On 2024 financial outlook, Cameco ( CCJ ) said it continues to expect strong cash flow generation. Due to the continued strengthening of the US dollar, it has updated its exchange rate assumption to reflect the average rate year to date in 2024 of $1.00 (US) for $1.35 (Cdn). As a result, its expected uranium average realized price increased to $77.80 per pound (previously $74.70 per pound), driving up several financial outlook metrics, including estimated consolidated revenue for the year, which is now expected to be about $3.01 billion to $3.16 billion (previously $2.85 billion to $3.0 billion), and the outlook for its share of Westinghouse's 2024 adjusted EBITDA, which is now expected to be between $460 million and $530 million (previously $445 million to $510 million).

Cameco ( CCJ ) updated its 2024 production outlook to be up to 37.0 million pounds (up to 23.1 million pounds its share) of uranium, to advance strategy in step with the positive market momentum and to meet the company's commitments under long-term contracts.

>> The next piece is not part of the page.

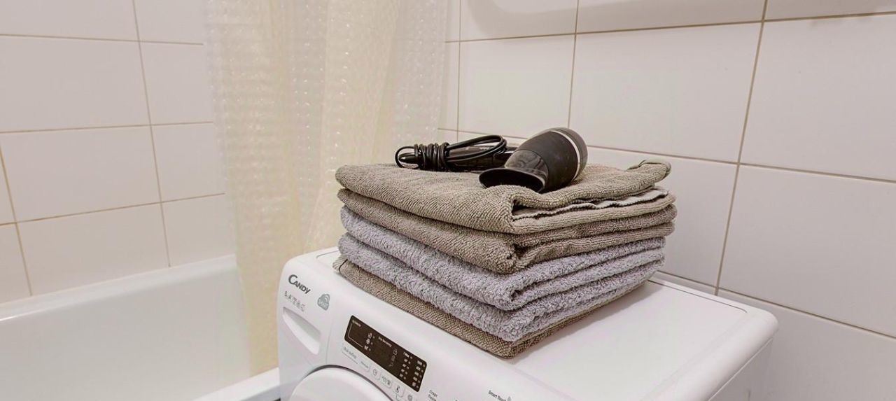 -Санузел с ванной и туалетом. Утюг и фен, а также стиральная машинка.

It said the higher planned annual production level is due to the consistent run rate at the Key Lake mill, which it now expects to produce 19 million pounds (100% basis) of uranium in 2024 (previously 18 million pounds of uranium), partially offset by lower expected production and purchases from JV Inkai. It added expected market and committed purchases for 2024 have been realigned to account for the increased uncertainty on the timing of receipt of its remaining share of 2024 production from JV Inkai. Cameco ( CCJ ) said it has either taken delivery of, or have commitments for, the majority of its expected 2024 market purchases, but may look for additional opportunities to add to inventory.

The board approved a 2024 annual dividend of $0.16 per common share, payable on Dec. 13 to shareholders of record on Nov. 27.

The company said it recommended to its board a dividend growth plan for consideration. Based on its plan, Cameco ( CCJ ) expects an annual increase of at least $0.04 per common share over the fiscal periods 2024 through 2026, to achieve a doubling of the 2023 dividend from $0.12 per common share, to $0.24 per common share. In 2022, it noted, the board increased the dividend by 50% to reflect the expected improvement in financial performance as it began the transition to a tier-one run rate.

"Apart from the impact of a stronger US dollar, our financial outlook for both Cameco ( CCJ ) and Westinghouse remained strong and unchanged," said Cameco ( CCJ ) president and CEO Tim Gitzel. "To recognize the return to our tier-one production rate and the continued strengthening of the industry's long-term prospects, our board of directors declared an increased 2024 annual dividend of $0.16 per common share."